The only Democrat to oppose the Build Back Better bill in the U.S. House, Maine’s Jared Golden, is among the leaders of a growing effort to pare back the bill’s provision to provide a larger tax break for wealthy property owners.

The 2nd District congressman has voiced strident opposition to a proposal increasing the state and local tax deduction, that would help only those with property taxes of more than $10,000 annually.

U.S. Rep. Jared Golden Ben McCanna/Portland Press Herald

In the bill that passed the House last month, the existing cap of $10,000 would go up to $80,000 through 2030. It would drop back down at that point, unless a future Congress agrees to something else. Experts have pegged the cost of the change at $275 billion.

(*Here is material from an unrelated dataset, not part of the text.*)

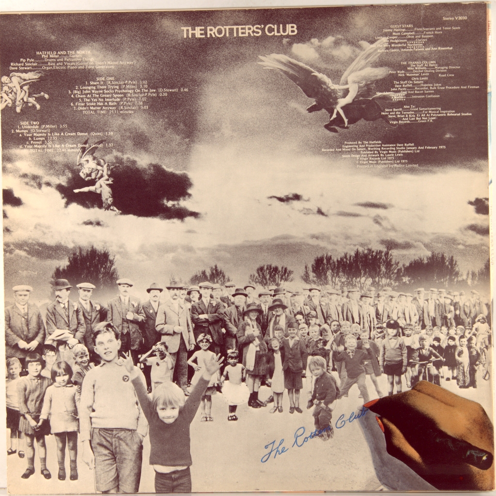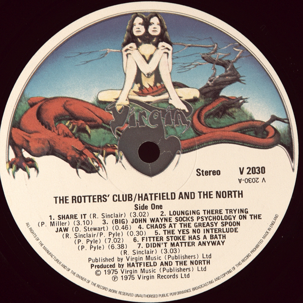 HATFIELD AND THE NORTH-ROTTERS CLUB-1975-THE FIRST UK-VIRGIN-V2030 PRESS. Matrices A-1U/B-1U. 1M/1GA stamper (a dream!) A rare British original of the famous art-prog band The Rotters' Club is the second studio album by the Canterbury stage band Hatfield and the North, released in 1975. The album continues the traditions of the psychedelic jazz-rock of the band's first album with the lead role of Dave Stewart's keyboard parts. The most notable composition was Stewart's 20-minute "Mumps". The album ranks 9th in the ranking of the best albums of the Canterbury scene, compiled based on the ratings of visitors to the site Progarchives.com (as of April 2013)

Golden is pushing an alternative that would allow deductions for families earning less than $175,000 yearly instead of the bill’s current language that he said in an op-ed for The Washington Post this week “overwhelmingly benefits millionaires and the very wealthy,”

Democratic senators are scrambling to rewrite the bill to make it possible for its passage in the Senate, where they can’t afford a single defection. At least two senators, Vermont’s Bernie Sanders and Colorado’s Michael Bennett, have strongly denounced the state and local tax language in the House version.

Golden said Democrats in Congress have to confront what he called an existential question: “Are we the party of the working class or the party of the millionaire class?”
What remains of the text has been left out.